Die Weltkarte entfaltet sich vor meinen Blicken.
Alle Meere durchpflügt von den Kielen britischer Kriegsschiffe, alle Küsten besetzt mit Kohlenstationen und Festungen der britischen Weltmacht. Die Herrschaft über den Erdkreis ist bei England, und England will sie behalten, es kann nicht dulden, daß der russische Koloß Leben und Bewegung aus dem Meere trinkt.
„Ohne Englands Erlaubnis darf keine Kanone auf dem Meere abgefeuert werden,“ sagte einst William Pitt, Englands größter Staatsmann.
Seit langen Jahren wächst England empor durch den Zwiespalt der kontinentalen Mächte unter sich.

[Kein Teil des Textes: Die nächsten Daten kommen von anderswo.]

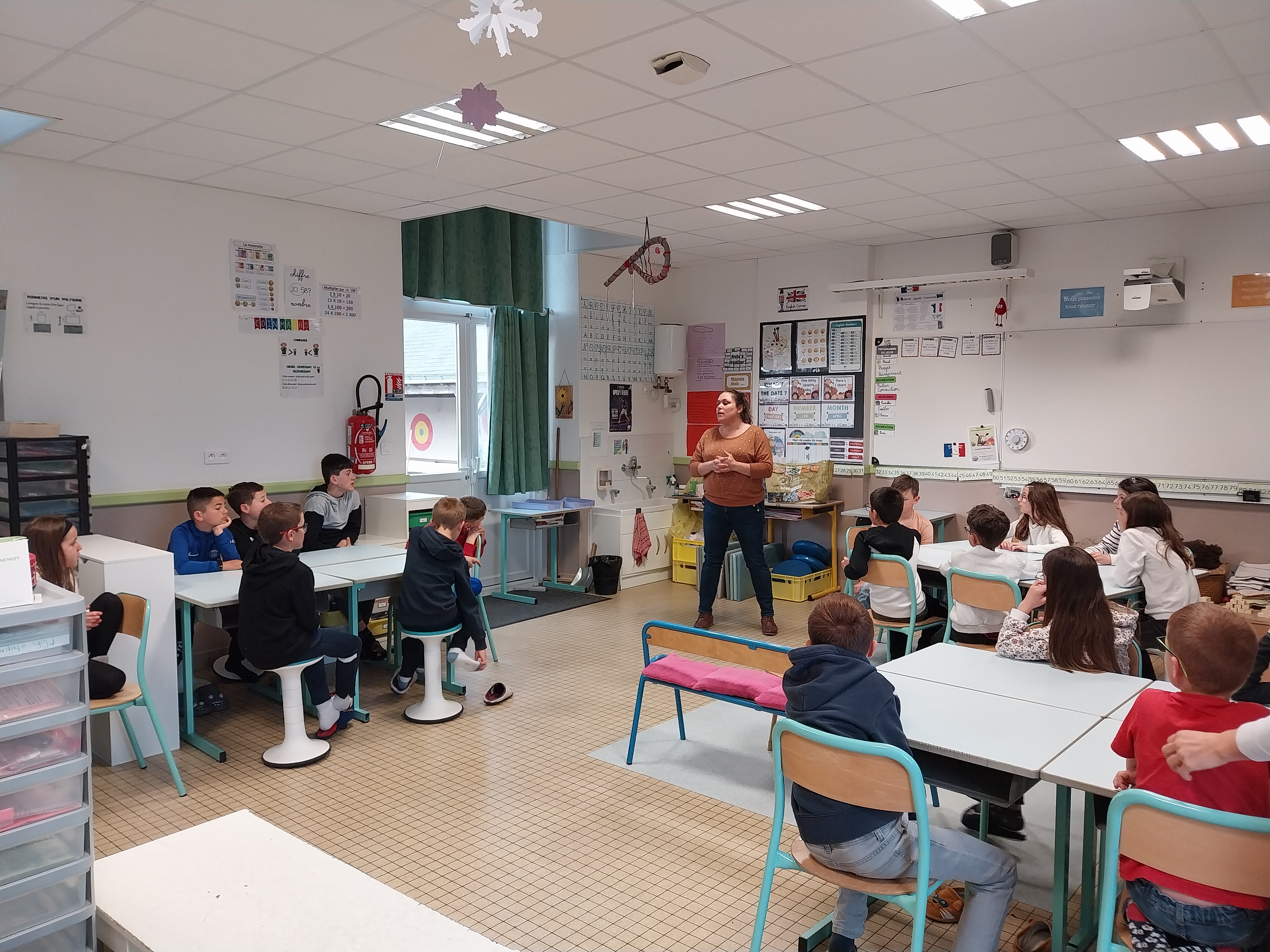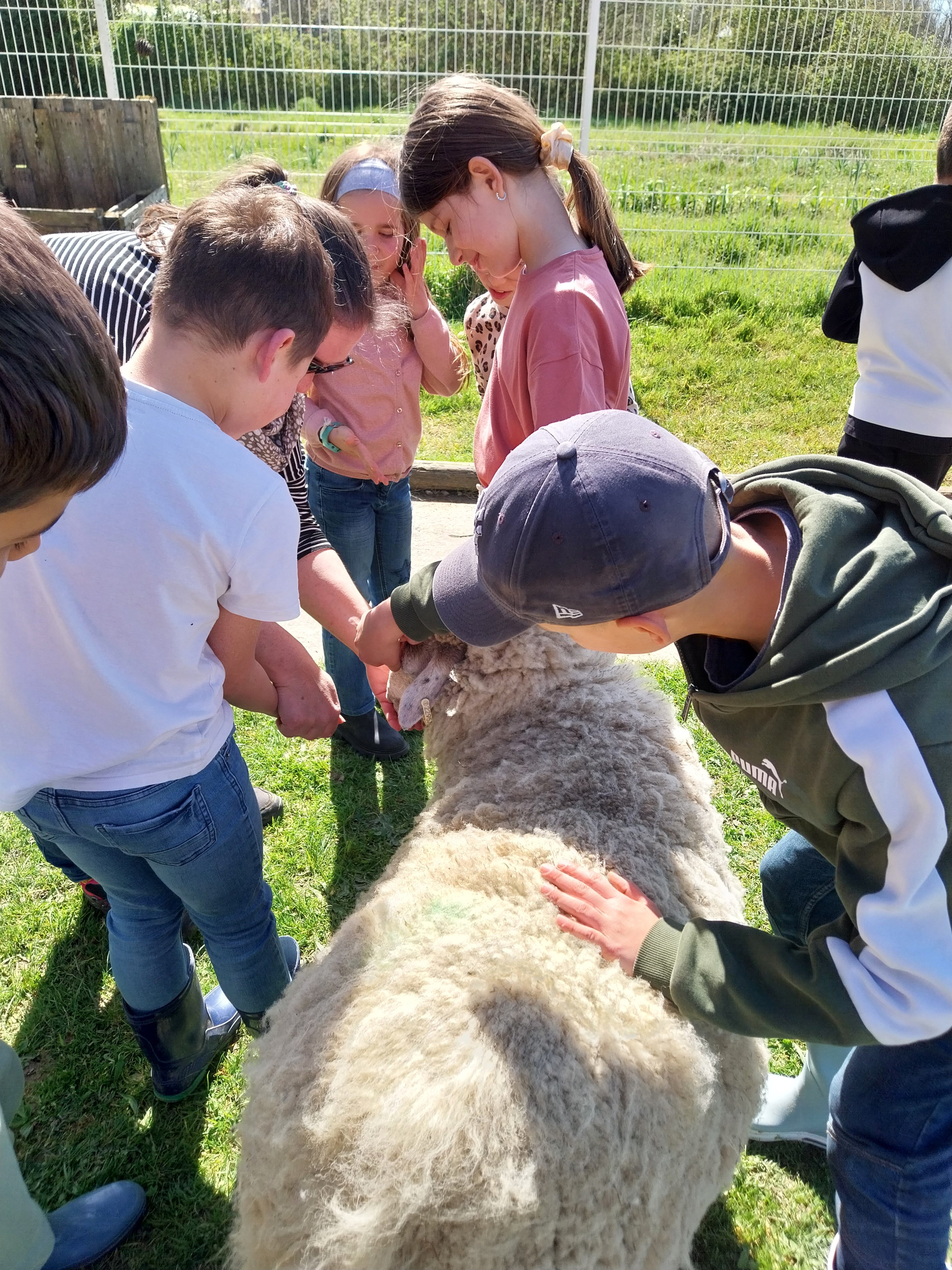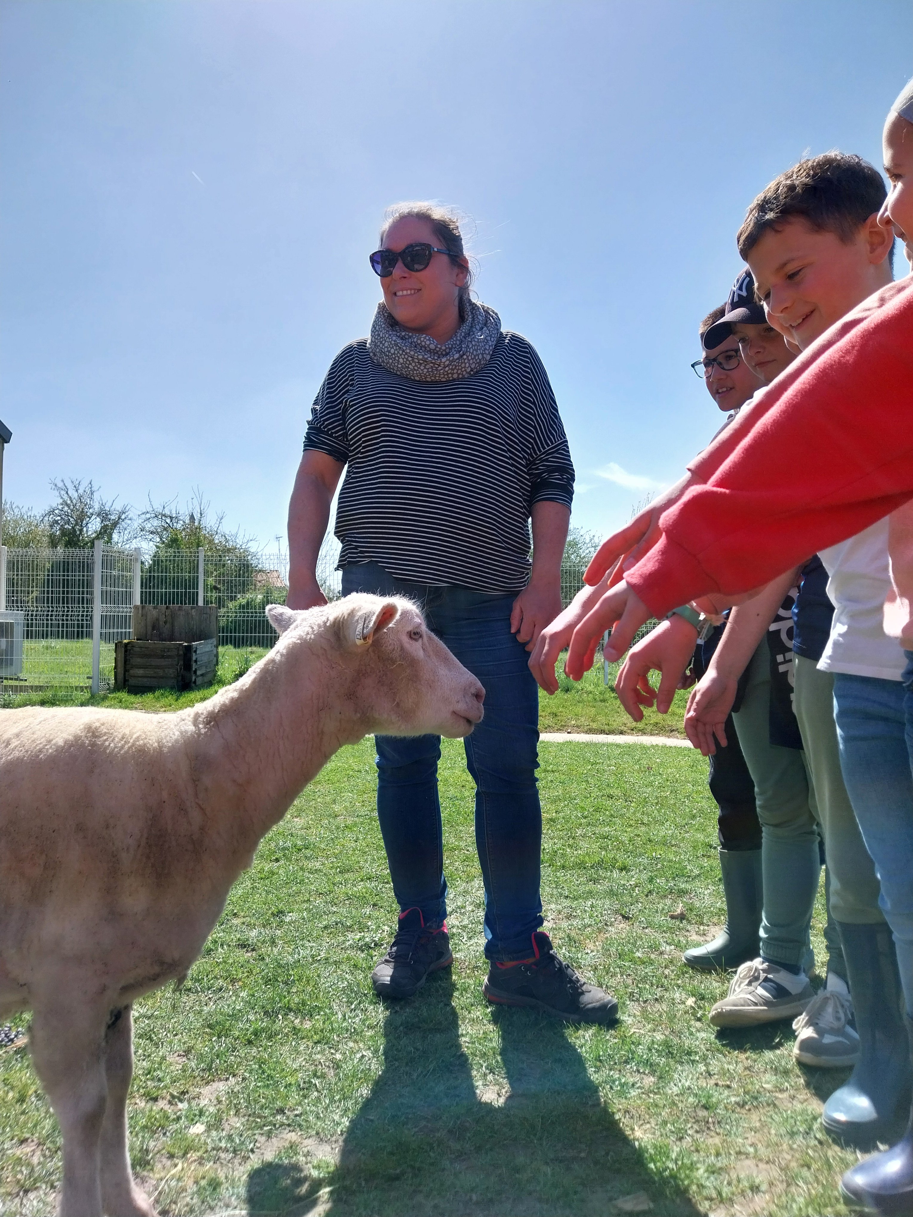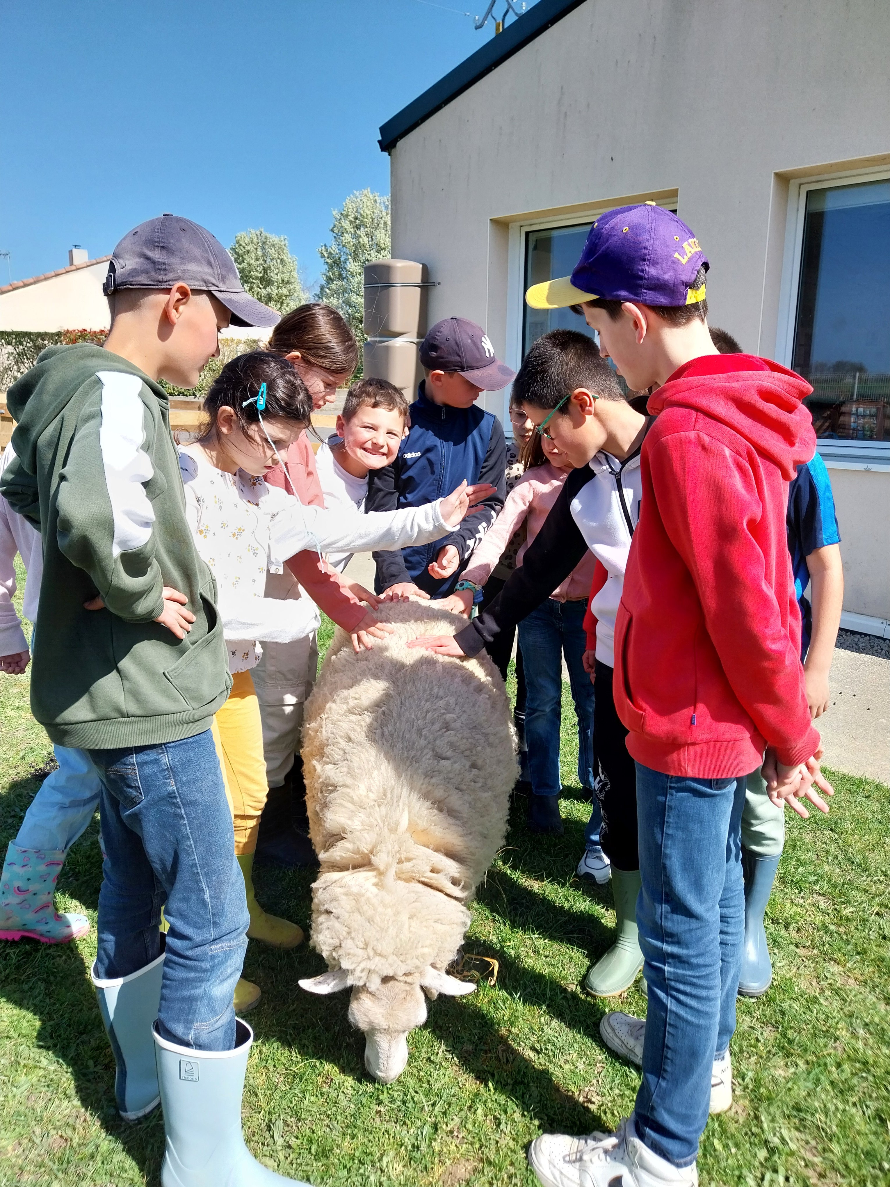 Cette semaine, avant les vacances de printemps, nous avons accueilli dans notre cour d’école 3 moutons :  Tagada, Supertop et Lune.

Fast alle Kriege seit Jahrhunderten sind zum Vorteil Englands geführt, fast alle von England angestiftet worden. Nur als der Genius Bismarcks über Deutschland wachte, besann der deutsche Michel sich auf seine Kraft und kriegte für sich selbst.
Soll es dahin kommen, daß Deutschland Luft und Licht und das tägliche Brot nur noch der Gnade Englands verdankt? Oder lebt noch die alte Kraft in Michels Armen?
Werden die drei Mächte, die im Vertrage von Schimonoseki nach dem Siege Japans über China zusammenstanden, um Englands Pläne zu vereiteln, werden Deutschland, Frankreich und Rußland noch länger müßig bleiben, oder werden sie sich zu gemeinsamem Handeln die Hände reichen?